2nd Head of the Republic of Mordovia
- In office 14 May 2012 – 18 November 2020
- Preceded by: Nikolay Merkushkin
- Succeeded by: Artyom Zdunov

Personal details
- Born: Vladimir Dmitriyevich Volkov 7 September 1954 (age 71) Novoye Arakcheyevo, Krasnoslobodsky District, Mordovian ASSR, Russian SFSR, Soviet Union
- Party: United Russia

= Vladimir Volkov (politician) =

Vladimir Dmitriyevich Volkov (Влади́мир Дми́триевич Во́лков; born on 7 September 1954), is a Russian politician. He served as the acting Head of the Republic of Mordovia from 14 May 2012 until his resignation on 18 November 2020.

==Biography==
Vladimir Volkov was born on 7 September 1954 in the village of Novoye Arakcheyevo in Krasnoslobodsky District of the Mordovian ASSR. In 1976 he graduated from the Mordovian State University. In 1976 he graduated from Mordovian State University, majoring in electric engineering, and then worked as an instructor of the regional headquarters of student construction teams Mordovia regional committee of Komsomol.

All of the further career of Vladimir Volkov, until 1991, is connected with the Komsomol and party work.
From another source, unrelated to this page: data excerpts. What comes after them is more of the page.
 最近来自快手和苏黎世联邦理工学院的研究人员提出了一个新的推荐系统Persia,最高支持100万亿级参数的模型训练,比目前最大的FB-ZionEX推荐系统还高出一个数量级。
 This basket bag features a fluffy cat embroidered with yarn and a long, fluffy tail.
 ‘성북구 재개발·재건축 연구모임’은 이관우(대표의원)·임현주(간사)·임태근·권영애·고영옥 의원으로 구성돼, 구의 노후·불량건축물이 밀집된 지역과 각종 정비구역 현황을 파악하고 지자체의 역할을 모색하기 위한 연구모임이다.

From 1977 to 1979 he worked as a secretary of the Komsomol Committee of the Mordovian State University, and in 1979, he was appointed commander of the regional student detachment of the Mordovian regional committee of Komsomol.
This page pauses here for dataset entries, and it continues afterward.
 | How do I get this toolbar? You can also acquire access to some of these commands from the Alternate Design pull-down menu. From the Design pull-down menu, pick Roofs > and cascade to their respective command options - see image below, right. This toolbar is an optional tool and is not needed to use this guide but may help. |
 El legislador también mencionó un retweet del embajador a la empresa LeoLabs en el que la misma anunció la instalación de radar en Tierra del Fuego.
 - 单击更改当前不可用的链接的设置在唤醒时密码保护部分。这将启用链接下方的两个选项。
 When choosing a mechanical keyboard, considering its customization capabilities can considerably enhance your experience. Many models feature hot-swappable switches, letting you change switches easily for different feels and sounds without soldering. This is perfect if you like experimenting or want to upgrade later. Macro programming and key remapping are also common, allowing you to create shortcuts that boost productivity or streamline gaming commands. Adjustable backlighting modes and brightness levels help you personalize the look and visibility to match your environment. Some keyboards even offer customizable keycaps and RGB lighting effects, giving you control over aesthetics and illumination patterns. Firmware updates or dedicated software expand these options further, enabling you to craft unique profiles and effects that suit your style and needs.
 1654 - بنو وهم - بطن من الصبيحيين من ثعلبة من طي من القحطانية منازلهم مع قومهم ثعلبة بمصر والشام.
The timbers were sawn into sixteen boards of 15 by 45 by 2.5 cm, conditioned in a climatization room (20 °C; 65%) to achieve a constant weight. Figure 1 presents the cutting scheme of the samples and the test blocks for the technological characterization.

In 1983, he was transferred to work in the Saransk Hills Komsomol, where he worked until 1986 as the first secretary of the Saransk city committee of the Komsomol.

From 1986 to 1988, he was the head of the industrial and transportation department of the Saransk city committee of the CPSU. In 1988, he graduated from Mordovia State University, with a degree in civil engineering, receiving a second higher education.

From 1988 to 1990 he worked as the first secretary of the Proletarian District Committee of the CPSU of the city of Saransk.

In the period from 1990 to 1995, he was the Chairman of the Standing Committee of the Supreme Council of the Republic of Mordovia on capital construction, industry and building materials.

From the beginning of 1995 he worked as the deputy chairman of the State Assembly of the Republic of Mordovia, serving Nikolay Merkushkin.

On 10 May 2012, after Nikolay Merkuskhkin left the post and transferred to work in the Samara Oblast, he was appointed acting head of the Republic of Mordovia by a presidential decree of Vladimir Putin.

In his first interview as acting head of the region, Vladimir Volkov announced his desire to continue the course for further development of the republic.

The course for further development of the republic will be continued. Today in Mordovia the mechanism of work is debugged, a management system has been built up, which clearly functions. When a successful leader leaves all this created, this is a great loss, but we have to continue this work. I am well aware of the problems that need to be addressed, so we will work on them. As for the main tasks, they were already outlined in the economy, social sphere, and those issues related to the strengthening of the image of Mordovia in the world and in Russia.
— —Interview of Vladimir Volkov

On 12 May 2012, Russian President Vladimir Putin nominated Volkov for the post of the Head of the Republic of Mordovia for consideration in the State Assembly of the Republic of Mordovia.

On 14 May 2012, the State Assembly of the Republic of Mordovia approved Vladimir Volkov as Head of the Republic of Mordovia.

On 12 April 2017, Volkov filed an application for early resignation, but on the same day he was appointed by the decree of Putin, as the acting head of the Republic of Mordovia for the second term, until the person elected by the Head of the Republic of Mordovia took office.